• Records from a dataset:
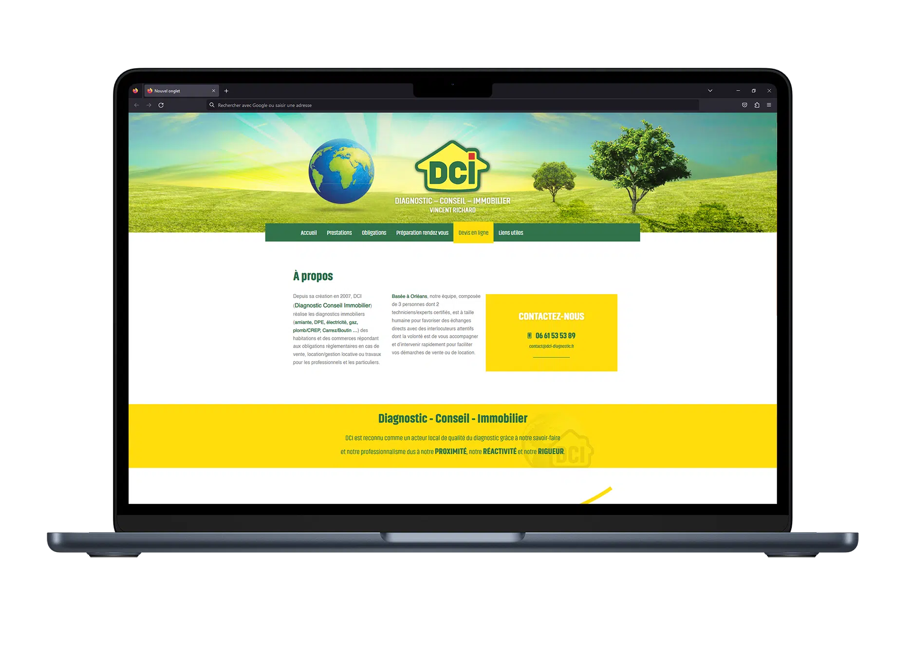 Ce site vitrine se veut simple mais surtout efficace ! En effet, le but ici était de réaliser un site WordPress qui permette aux utilisateurs d’accéder à des conseils et des diagnostics immobiliers à portée de clic. Il fallait donc pour cela quelque chose de clair et d’ergonomique. Ainsi, les onglets présentant les points majeurs sont répartis efficacement. Mais surtout, l’outil de devis en ligne est bien visible et rapidement accessible pour tous, afin d’obtenir sans trop attendre les informations désirées.
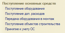 Для отражения в бухгалтерском и налоговом учете операции, отмеченной на схеме цифрой 1, необходимо воспользоваться документом типовой конфигурации «Принятие к учету ОС». Журнал документов открывается
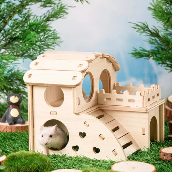 Wooden Hamster House Swing Nest with Multi-Holes & Natural Breathable Design
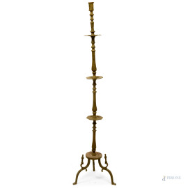 Candeliere in ottone cesellato, poggiante su tre gambe arcuate, XX secolo, altezza cm 153, (difetti)
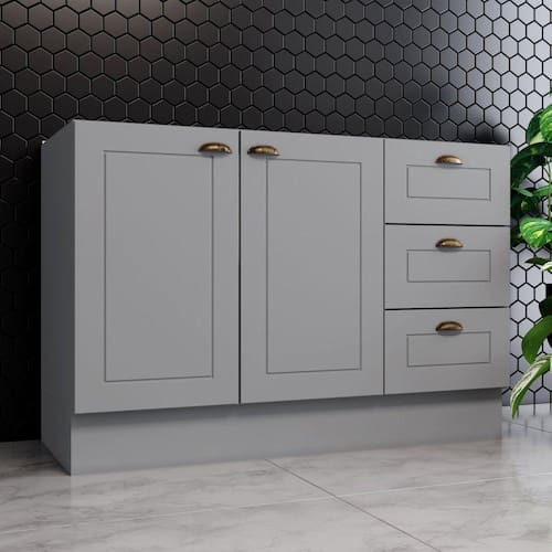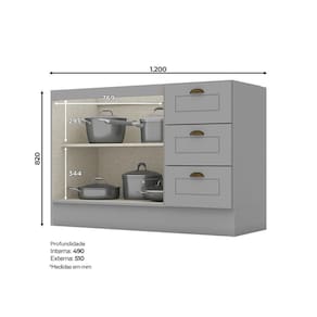 O Balcão 02 Portas 03 Gavetas da Linha Internacional Henn é super versátil, foi projetado para proporcionar praticidade e funcionalidade. Pode ser utilizado em vários ambientes, se adequa tanto à espaços maiores, quanto os mais compactos. Medidas (AxLxP): 82x120x51cm. Sua estrutura é 100% MDF, material de excelente qualidade que suporta variações de temperatura. As portas possuem dobradiças de 35 mm com amortecimento, garantindo um fechamento suave e evitando que elas batam. As gavetas têm corrediças telescópicas, que permitem o deslizamento firme e silencioso. Acompanha um divisor de talheres. Os puxadores de metal zamac, na cor ‘Ouro Velho’, criam uma harmonia entre o clássico estilo provençal e o industrial. Opção de instalação sem pés, suspensa (ferragens para fixação na parede inclusas). Suporta Granito: Sim Acabamento da Prateleira: Pintura UV Escala de Brilho da Prateleira: Fosco Acabamento da Gaveta: Pintura UV Escala de Brilho da Gaveta: Fosco Material do Puxador da Gaveta: Metal Acabamento da Porta: Pintura UV Escala de Brilho da Porta: Fosco Material do Puxador da Porta: Metal Acabamento: Pintura UV Acabamento dos Pés: Pintura Acompanha Tampo: Não Altura dos Pés: 14,5 cm Ambiente Principal: Cozinha Balcão Acompanha Pia: Não codigo_ean: 7909903284834 Complexidade da Montagem: Média: pode ser montado por mais de uma pessoa e/ou necessite de maior conhecimento para montagem Cor: Cinza Cor do Pés: Branco Cor do Produto: Cinza Cor Flex: Não Escala de Brilho: Fosco Gaveta com Chave: Não Informações Complementares: O produto pode ser montado para os dois lados, direito e esquerdo. As portas têm dobradiças de 35mm com amortecimento que garantem um fechamento suave e evitando que elas batam. As gavetas têm corrediças telescópicas, que permitem a abertura total e o des Itens Inclusos: 1 Balcão, Kit Ferragens e Manual de Montagem Linha ou Coleção: Internacional Manual de Montagem e Instalação: https://product-hub-prd.madeiramadeira.com.br/831487/documents/8a09d4d3-982f-4076-a3d6-cf18d96366aeaopia03gaveta02portassandy.pdf Material da Dobradiça/Corrediça da Porta: Metálica Material da Gaveta: MDF Material da Porta: MDF Material da Prateleira: MDF Material dos Pés: MDF Montagem Flex: Sim Necessita Montagem: Sim O Balcão Acompanha Pia: Não Origem do Produto: Nacional Pés Reguláveis: Não Peso: 40 kg Peso Máximo por Gaveta: 3 kg Peso Máximo por Prateleira: 8 kg Possui Pés: Rodapé Possui recorte para Cooktop: Não Recomendações de Uso, Manutenção e Limpeza: Para limpeza de seu móvel, use uma flanela seca ou umedecida. Não utilize produtos químicos que possam danificar o produto. Sapatas Niveladoras: Sim Sistema de Montagem: Parafusos e Cavilhas Suporta Até (kg): 25 kg Tipo de Corrediça da Gaveta: Telescópica Tipo de Dobradiça/Corrediça da Porta: Soft close Tipo de Porta: Bater Tipo de Puxador da Gaveta: Externo Tipo de Puxador da Porta: Externo
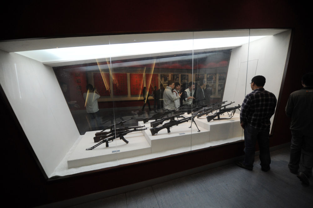 ↑ 觀眾在鹽城新四軍紀念館內參觀槍支等實物展品(2011年5月26日攝)。
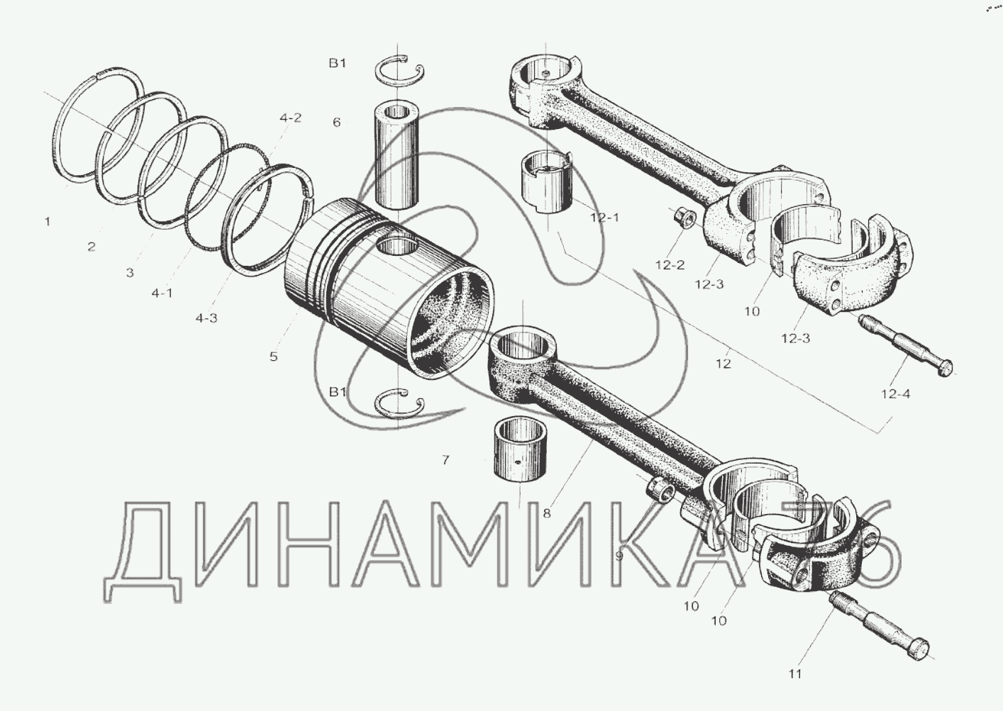 Перечень комплектующих от Piston and Connecting Rod Assembly на R6160

• YOUR ASSIGNMENT:
Only the pictures stay out; the rest of the entries above must be written out exactly.

• SOLUTION:
 Ce site vitrine se veut simple mais surtout efficace ! En effet, le but ici était de réaliser un site WordPress qui permette aux utilisateurs d’accéder à des conseils et des diagnostics immobiliers à portée de clic. Il fallait donc pour cela quelque chose de clair et d’ergonomique. Ainsi, les onglets présentant les points majeurs sont répartis efficacement. Mais surtout, l’outil de devis en ligne est bien visible et rapidement accessible pour tous, afin d’obtenir sans trop attendre les informations désirées.
 Для отражения в бухгалтерском и налоговом учете операции, отмеченной на схеме цифрой 1, необходимо воспользоваться документом типовой конфигурации «Принятие к учету ОС». Журнал документов открывается
 Wooden Hamster House Swing Nest with Multi-Holes & Natural Breathable Design
 Candeliere in ottone cesellato, poggiante su tre gambe arcuate, XX secolo, altezza cm 153, (difetti)
 O Balcão 02 Portas 03 Gavetas da Linha Internacional Henn é super versátil, foi projetado para proporcionar praticidade e funcionalidade. Pode ser utilizado em vários ambientes, se adequa tanto à espaços maiores, quanto os mais compactos. Medidas (AxLxP): 82x120x51cm. Sua estrutura é 100% MDF, material de excelente qualidade que suporta variações de temperatura. As portas possuem dobradiças de 35 mm com amortecimento, garantindo um fechamento suave e evitando que elas batam. As gavetas têm corrediças telescópicas, que permitem o deslizamento firme e silencioso. Acompanha um divisor de talheres. Os puxadores de metal zamac, na cor ‘Ouro Velho’, criam uma harmonia entre o clássico estilo provençal e o industrial. Opção de instalação sem pés, suspensa (ferragens para fixação na parede inclusas). Suporta Granito: Sim Acabamento da Prateleira: Pintura UV Escala de Brilho da Prateleira: Fosco Acabamento da Gaveta: Pintura UV Escala de Brilho da Gaveta: Fosco Material do Puxador da Gaveta: Metal Acabamento da Porta: Pintura UV Escala de Brilho da Porta: Fosco Material do Puxador da Porta: Metal Acabamento: Pintura UV Acabamento dos Pés: Pintura Acompanha Tampo: Não Altura dos Pés: 14,5 cm Ambiente Principal: Cozinha Balcão Acompanha Pia: Não codigo_ean: 7909903284834 Complexidade da Montagem: Média: pode ser montado por mais de uma pessoa e/ou necessite de maior conhecimento para montagem Cor: Cinza Cor do Pés: Branco Cor do Produto: Cinza Cor Flex: Não Escala de Brilho: Fosco Gaveta com Chave: Não Informações Complementares: O produto pode ser montado para os dois lados, direito e esquerdo. As portas têm dobradiças de 35mm com amortecimento que garantem um fechamento suave e evitando que elas batam. As gavetas têm corrediças telescópicas, que permitem a abertura total e o des Itens Inclusos: 1 Balcão, Kit Ferragens e Manual de Montagem Linha ou Coleção: Internacional Manual de Montagem e Instalação: https://product-hub-prd.madeiramadeira.com.br/831487/documents/8a09d4d3-982f-4076-a3d6-cf18d96366aeaopia03gaveta02portassandy.pdf Material da Dobradiça/Corrediça da Porta: Metálica Material da Gaveta: MDF Material da Porta: MDF Material da Prateleira: MDF Material dos Pés: MDF Montagem Flex: Sim Necessita Montagem: Sim O Balcão Acompanha Pia: Não Origem do Produto: Nacional Pés Reguláveis: Não Peso: 40 kg Peso Máximo por Gaveta: 3 kg Peso Máximo por Prateleira: 8 kg Possui Pés: Rodapé Possui recorte para Cooktop: Não Recomendações de Uso, Manutenção e Limpeza: Para limpeza de seu móvel, use uma flanela seca ou umedecida. Não utilize produtos químicos que possam danificar o produto. Sapatas Niveladoras: Sim Sistema de Montagem: Parafusos e Cavilhas Suporta Até (kg): 25 kg Tipo de Corrediça da Gaveta: Telescópica Tipo de Dobradiça/Corrediça da Porta: Soft close Tipo de Porta: Bater Tipo de Puxador da Gaveta: Externo Tipo de Puxador da Porta: Externo
 ↑ 觀眾在鹽城新四軍紀念館內參觀槍支等實物展品(2011年5月26日攝)。
 Перечень комплектующих от Piston and Connecting Rod Assembly на R6160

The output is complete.